Çıkmaz sokakta sağa-sola dönmek

Çok ama çok zorlandığımı peşinen söyleyeyim. Sorunları ve çözümleri sağlam temellere oturtmak ve dile getirip toplumsal karşılık bulmak önemli.

Ama bu çok zor iş...

Mesela 2010 yılında Yeni Şafak Gazetesi’nde “orta sınıf” sorununu dile getirmeye başlamıştım.

Türkiye’de okumanın değerinin düştüğünü ve o tarihlerde çok övündüğümüz gelir dağılımı düzelmesinin de sağlıklı olmadığını anlatmıştım: Çünkü düzeliyormuş gibi görülen gelir dağılımında ana sorun şuydu: Orta sınıftan alınıp alt sınıfa veriliyordu; en zengin yüzde 5’in payında pek değişim yoktu.

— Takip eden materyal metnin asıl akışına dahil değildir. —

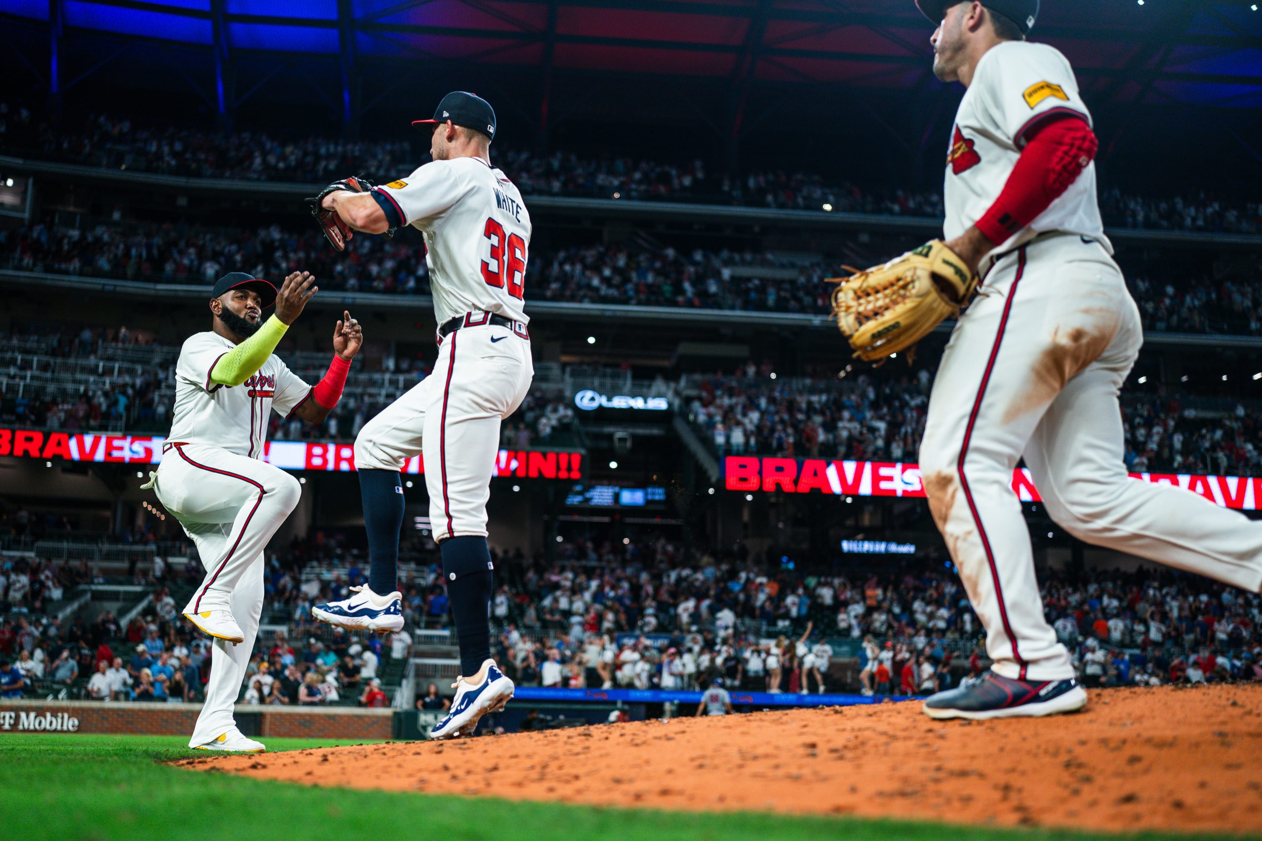 Photo Credit: Marcell Ozuna #20 and Eli White #36 of the Atlanta Braves celebrate after defeating the New York Mets at Truist Park on September 24, 2024 in Atlanta, Georgia. (Photo by Kevin D. Liles/Atlanta Braves/Getty Images)

İhracat artıyordu ama üretim-istihdam ihracat gibi artmıyordu. Veya verimlilik artışı oluyordu ama bu artış reel ücretlere yansımıyordu. Artan reel ücretler asgari ücret ve asgari memur maaşı ile asgari emekli maaşıydı.

Ne ortalama ücret artıyordu ne de ortalama memur maaşı... Emekli maaşları ise ortalamada geriliyordu.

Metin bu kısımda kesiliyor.